KGRAG-Ex: Explainable Retrieval-Augmented Generation with Knowledge Graph-based Perturbations
Georgios Balanos, Evangelos Chasanis, Konstantinos Skianis, Evaggelia Pitoura

TL;DR
KGRAG-Ex enhances retrieval-augmented generation by integrating knowledge graphs for improved factual grounding and explainability, using perturbation methods to analyze the influence of graph components on generated responses.
Contribution
This work introduces KGRAG-Ex, a novel system that leverages domain-specific knowledge graphs and perturbation techniques to improve explainability in retrieval-augmented language models.
Findings
Perturbation methods reveal the influence of KG components on answers.
Graph structure impacts the importance of entities in explanations.

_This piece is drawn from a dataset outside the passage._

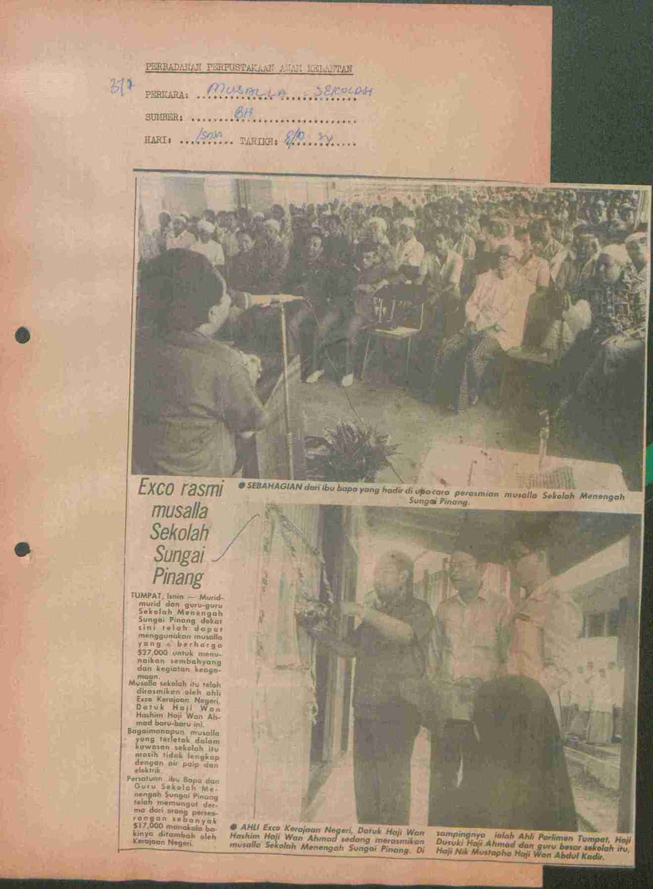 Berita Harian (1984) Exco rasmi musalla Sekolah Sungai Pinang. Berita Harian. |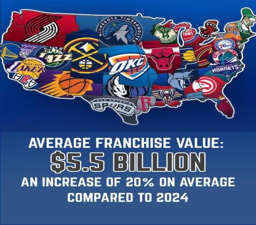美媒发布NBA球队估值排行榜:勇士113.3亿美元高居第一

Semantic node types affect the interpretability of retrieval paths.
Abstract
Retrieval-Augmented Generation (RAG) enhances language models by grounding responses in external information, yet explainability remains a critical challenge, particularly when retrieval relies on unstructured text. Knowledge graphs (KGs) offer a solution by introducing structured, semantically rich representations of entities and their relationships, enabling transparent retrieval paths and interpretable reasoning. In this work, we present KGRAG-Ex, a RAG system that improves both factual grounding and explainability by leveraging a domain-specific KG constructed via prompt-based information extraction. Given a user query, KGRAG-Ex identifies relevant entities and semantic paths in the graph, which are then transformed into pseudo-paragraphs: natural language representations of graph substructures that guide corpus retrieval. To improve interpretability and support reasoning…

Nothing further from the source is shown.